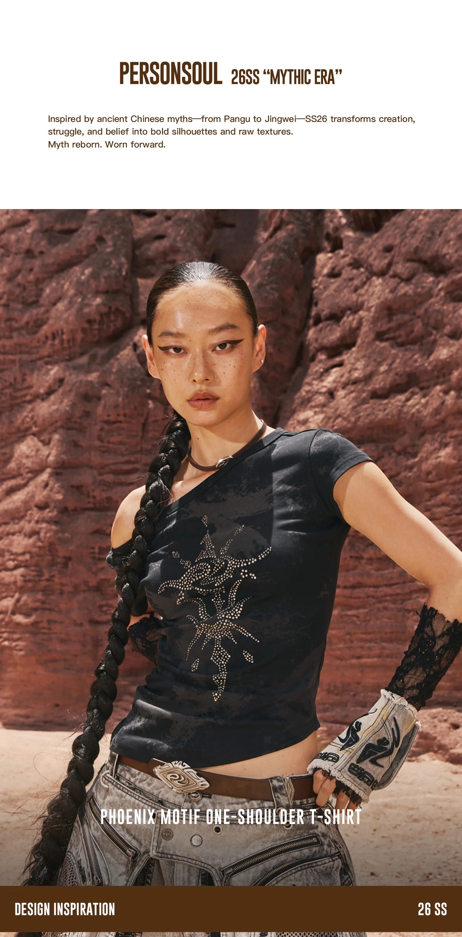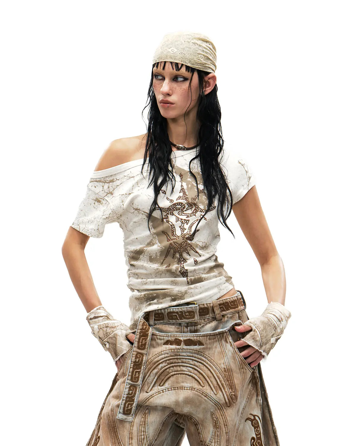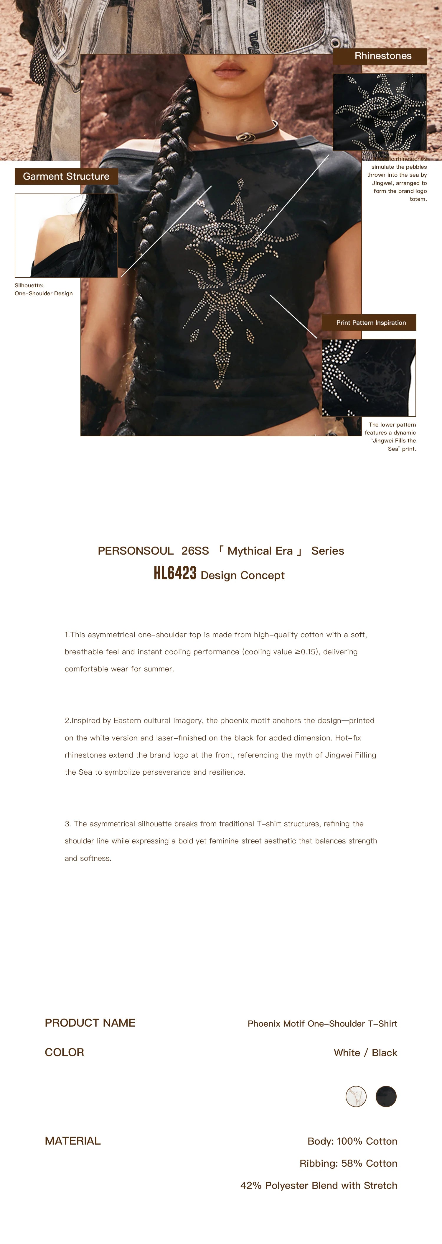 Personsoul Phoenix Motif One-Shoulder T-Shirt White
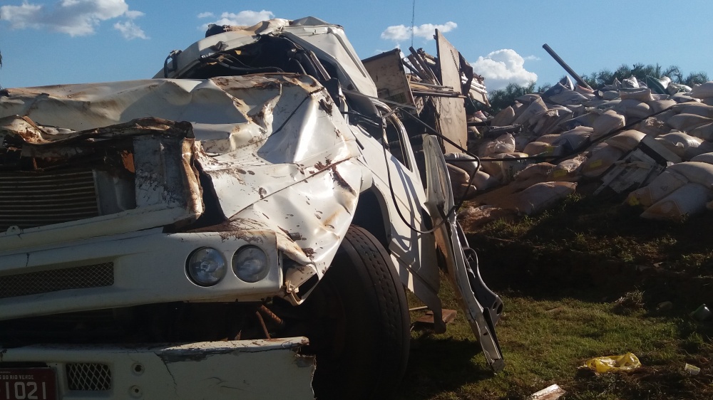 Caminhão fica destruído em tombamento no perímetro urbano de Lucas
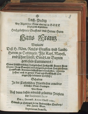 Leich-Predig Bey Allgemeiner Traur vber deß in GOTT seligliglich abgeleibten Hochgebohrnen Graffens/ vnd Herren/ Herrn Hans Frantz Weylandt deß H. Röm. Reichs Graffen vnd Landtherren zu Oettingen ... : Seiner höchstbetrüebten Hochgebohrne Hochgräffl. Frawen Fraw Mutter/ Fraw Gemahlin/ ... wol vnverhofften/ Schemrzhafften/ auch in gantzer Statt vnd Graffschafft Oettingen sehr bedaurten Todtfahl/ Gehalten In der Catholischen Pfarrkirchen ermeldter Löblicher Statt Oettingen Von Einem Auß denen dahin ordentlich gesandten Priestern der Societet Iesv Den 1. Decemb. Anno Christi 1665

============================================================

PROBLEM STATEMENT: Take the line with "Caminhão fica destruído" and each line after it through the end of the material above, and reproduce them exactly, without the pictures.

TASK SOLUTION:
 Caminhão fica destruído em tombamento no perímetro urbano de Lucas
 Leich-Predig Bey Allgemeiner Traur vber deß in GOTT seligliglich abgeleibten Hochgebohrnen Graffens/ vnd Herren/ Herrn Hans Frantz Weylandt deß H. Röm. Reichs Graffen vnd Landtherren zu Oettingen ... : Seiner höchstbetrüebten Hochgebohrne Hochgräffl. Frawen Fraw Mutter/ Fraw Gemahlin/ ... wol vnverhofften/ Schemrzhafften/ auch in gantzer Statt vnd Graffschafft Oettingen sehr bedaurten Todtfahl/ Gehalten In der Catholischen Pfarrkirchen ermeldter Löblicher Statt Oettingen Von Einem Auß denen dahin ordentlich gesandten Priestern der Societet Iesv Den 1. Decemb. Anno Christi 1665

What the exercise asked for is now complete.